== Recorded data ==

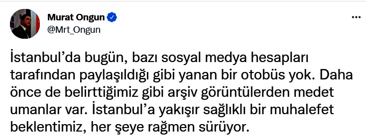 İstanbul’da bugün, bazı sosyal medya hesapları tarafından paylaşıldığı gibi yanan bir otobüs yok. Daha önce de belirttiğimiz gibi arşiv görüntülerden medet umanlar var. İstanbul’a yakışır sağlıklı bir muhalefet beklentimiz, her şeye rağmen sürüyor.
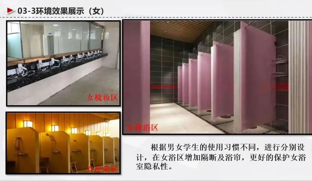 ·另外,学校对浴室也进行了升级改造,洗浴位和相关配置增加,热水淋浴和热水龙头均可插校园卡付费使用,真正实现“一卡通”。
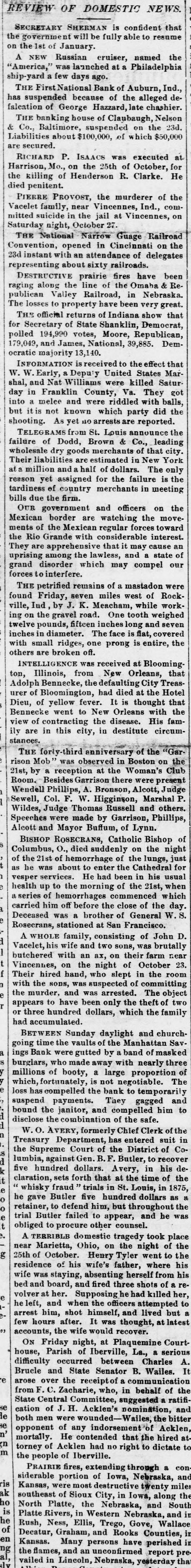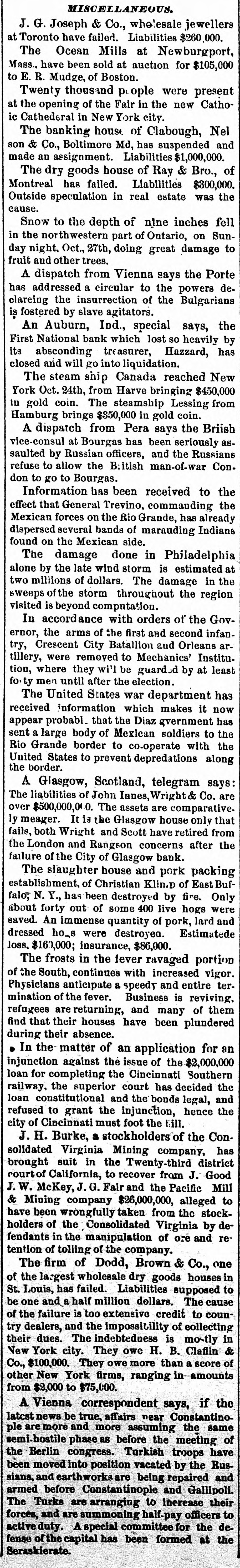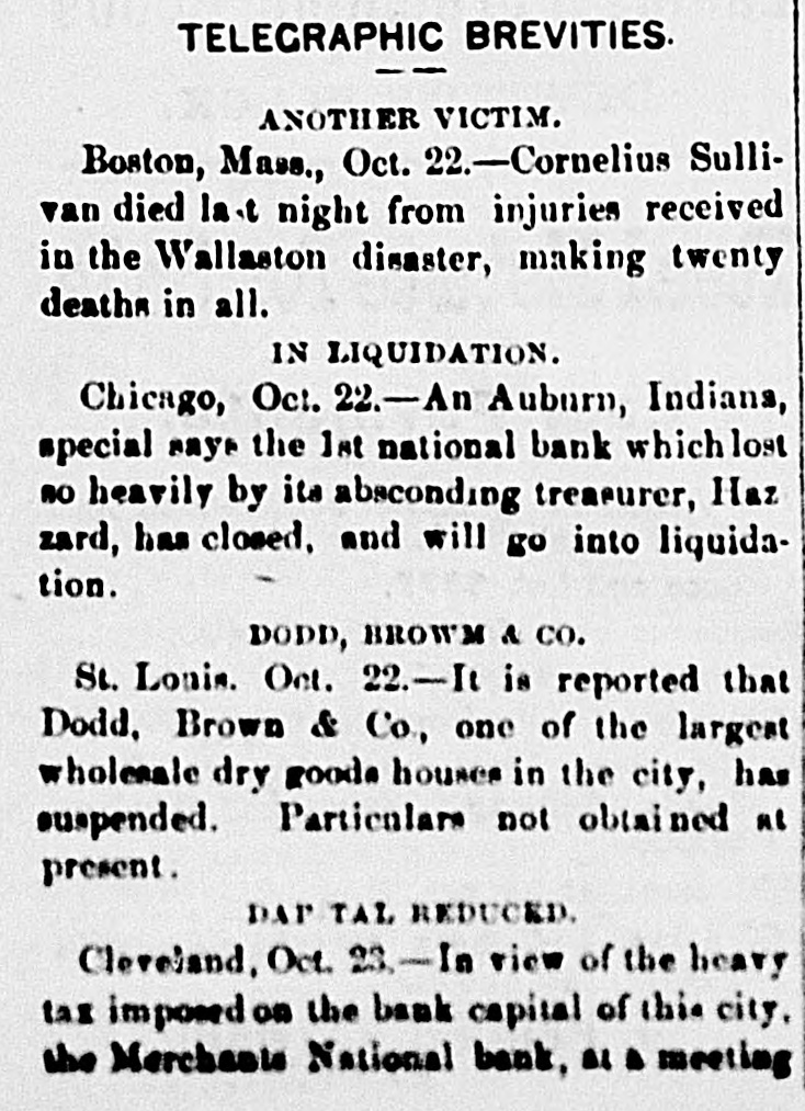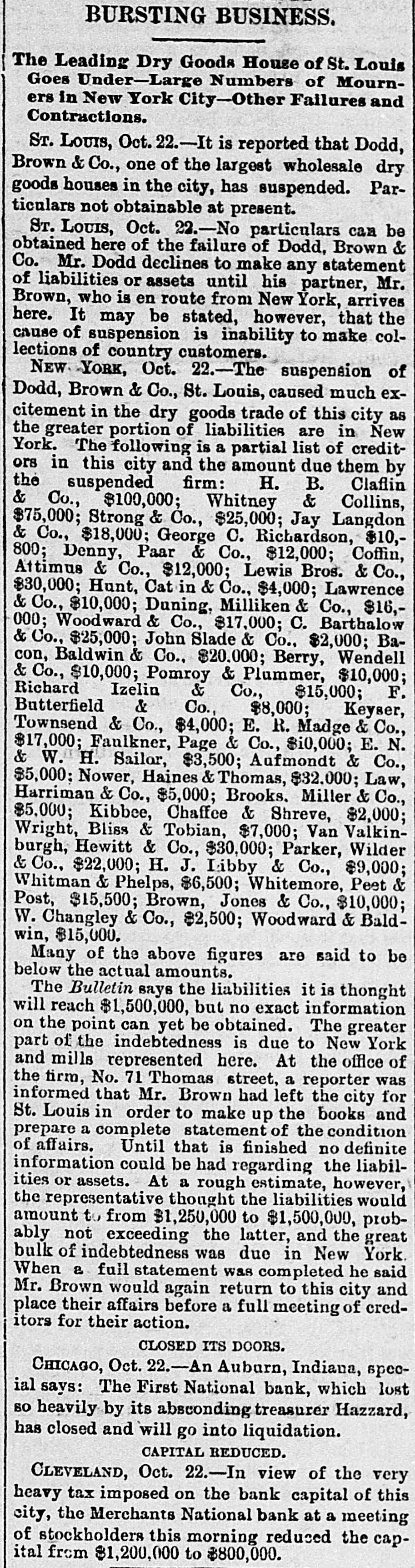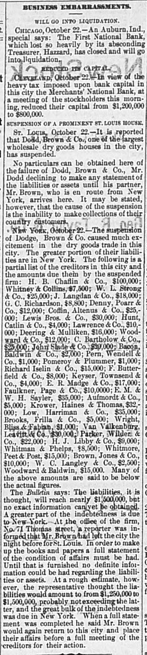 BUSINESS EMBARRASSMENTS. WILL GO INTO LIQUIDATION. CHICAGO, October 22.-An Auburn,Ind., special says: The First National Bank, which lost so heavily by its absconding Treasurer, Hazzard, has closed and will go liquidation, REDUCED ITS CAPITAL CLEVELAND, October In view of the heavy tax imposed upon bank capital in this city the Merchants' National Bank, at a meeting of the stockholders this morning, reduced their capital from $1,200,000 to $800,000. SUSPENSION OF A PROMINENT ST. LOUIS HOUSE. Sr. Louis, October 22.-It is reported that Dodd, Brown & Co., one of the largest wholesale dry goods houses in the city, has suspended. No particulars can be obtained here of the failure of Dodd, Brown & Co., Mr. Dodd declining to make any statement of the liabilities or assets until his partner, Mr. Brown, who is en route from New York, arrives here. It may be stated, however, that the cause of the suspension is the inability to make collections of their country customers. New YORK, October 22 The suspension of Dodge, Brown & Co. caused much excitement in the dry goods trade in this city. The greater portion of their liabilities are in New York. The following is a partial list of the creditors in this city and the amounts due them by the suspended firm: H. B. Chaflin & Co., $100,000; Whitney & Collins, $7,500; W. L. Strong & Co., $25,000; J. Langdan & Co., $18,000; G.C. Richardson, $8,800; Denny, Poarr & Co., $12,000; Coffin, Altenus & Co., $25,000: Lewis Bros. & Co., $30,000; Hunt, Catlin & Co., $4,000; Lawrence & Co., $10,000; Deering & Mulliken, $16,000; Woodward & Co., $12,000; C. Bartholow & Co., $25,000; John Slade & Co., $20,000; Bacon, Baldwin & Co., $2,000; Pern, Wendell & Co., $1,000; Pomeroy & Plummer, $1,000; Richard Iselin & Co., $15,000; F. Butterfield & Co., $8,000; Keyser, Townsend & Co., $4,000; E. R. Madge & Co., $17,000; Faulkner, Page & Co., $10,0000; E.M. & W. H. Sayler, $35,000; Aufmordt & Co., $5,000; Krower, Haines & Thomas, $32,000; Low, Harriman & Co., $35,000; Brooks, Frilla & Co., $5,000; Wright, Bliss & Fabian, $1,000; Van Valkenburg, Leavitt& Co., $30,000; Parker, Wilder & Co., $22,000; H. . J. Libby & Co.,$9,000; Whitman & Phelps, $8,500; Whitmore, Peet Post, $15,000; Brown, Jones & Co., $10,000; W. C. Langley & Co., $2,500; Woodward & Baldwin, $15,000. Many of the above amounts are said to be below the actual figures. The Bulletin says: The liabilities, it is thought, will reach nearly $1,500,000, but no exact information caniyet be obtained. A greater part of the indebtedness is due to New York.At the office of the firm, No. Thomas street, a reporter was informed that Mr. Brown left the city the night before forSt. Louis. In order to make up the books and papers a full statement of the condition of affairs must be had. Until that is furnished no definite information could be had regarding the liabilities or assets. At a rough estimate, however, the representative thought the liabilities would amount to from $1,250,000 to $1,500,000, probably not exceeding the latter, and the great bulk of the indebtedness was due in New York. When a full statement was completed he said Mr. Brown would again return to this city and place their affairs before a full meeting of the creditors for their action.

===

Exercise:
Everything but the pictures is needed: copy the data above exactly.

Response:
 İstanbul’da bugün, bazı sosyal medya hesapları tarafından paylaşıldığı gibi yanan bir otobüs yok. Daha önce de belirttiğimiz gibi arşiv görüntülerden medet umanlar var. İstanbul’a yakışır sağlıklı bir muhalefet beklentimiz, her şeye rağmen sürüyor.
 ·另外,学校对浴室也进行了升级改造,洗浴位和相关配置增加,热水淋浴和热水龙头均可插校园卡付费使用,真正实现“一卡通”。
 BUSINESS EMBARRASSMENTS. WILL GO INTO LIQUIDATION. CHICAGO, October 22.-An Auburn,Ind., special says: The First National Bank, which lost so heavily by its absconding Treasurer, Hazzard, has closed and will go liquidation, REDUCED ITS CAPITAL CLEVELAND, October In view of the heavy tax imposed upon bank capital in this city the Merchants' National Bank, at a meeting of the stockholders this morning, reduced their capital from $1,200,000 to $800,000. SUSPENSION OF A PROMINENT ST. LOUIS HOUSE. Sr. Louis, October 22.-It is reported that Dodd, Brown & Co., one of the largest wholesale dry goods houses in the city, has suspended. No particulars can be obtained here of the failure of Dodd, Brown & Co., Mr. Dodd declining to make any statement of the liabilities or assets until his partner, Mr. Brown, who is en route from New York, arrives here. It may be stated, however, that the cause of the suspension is the inability to make collections of their country customers. New YORK, October 22 The suspension of Dodge, Brown & Co. caused much excitement in the dry goods trade in this city. The greater portion of their liabilities are in New York. The following is a partial list of the creditors in this city and the amounts due them by the suspended firm: H. B. Chaflin & Co., $100,000; Whitney & Collins, $7,500; W. L. Strong & Co., $25,000; J. Langdan & Co., $18,000; G.C. Richardson, $8,800; Denny, Poarr & Co., $12,000; Coffin, Altenus & Co., $25,000: Lewis Bros. & Co., $30,000; Hunt, Catlin & Co., $4,000; Lawrence & Co., $10,000; Deering & Mulliken, $16,000; Woodward & Co., $12,000; C. Bartholow & Co., $25,000; John Slade & Co., $20,000; Bacon, Baldwin & Co., $2,000; Pern, Wendell & Co., $1,000; Pomeroy & Plummer, $1,000; Richard Iselin & Co., $15,000; F. Butterfield & Co., $8,000; Keyser, Townsend & Co., $4,000; E. R. Madge & Co., $17,000; Faulkner, Page & Co., $10,0000; E.M. & W. H. Sayler, $35,000; Aufmordt & Co., $5,000; Krower, Haines & Thomas, $32,000; Low, Harriman & Co., $35,000; Brooks, Frilla & Co., $5,000; Wright, Bliss & Fabian, $1,000; Van Valkenburg, Leavitt& Co., $30,000; Parker, Wilder & Co., $22,000; H. . J. Libby & Co.,$9,000; Whitman & Phelps, $8,500; Whitmore, Peet Post, $15,000; Brown, Jones & Co., $10,000; W. C. Langley & Co., $2,500; Woodward & Baldwin, $15,000. Many of the above amounts are said to be below the actual figures. The Bulletin says: The liabilities, it is thought, will reach nearly $1,500,000, but no exact information caniyet be obtained. A greater part of the indebtedness is due to New York.At the office of the firm, No. Thomas street, a reporter was informed that Mr. Brown left the city the night before forSt. Louis. In order to make up the books and papers a full statement of the condition of affairs must be had. Until that is furnished no definite information could be had regarding the liabilities or assets. At a rough estimate, however, the representative thought the liabilities would amount to from $1,250,000 to $1,500,000, probably not exceeding the latter, and the great bulk of the indebtedness was due in New York. When a full statement was completed he said Mr. Brown would again return to this city and place their affairs before a full meeting of the creditors for their action.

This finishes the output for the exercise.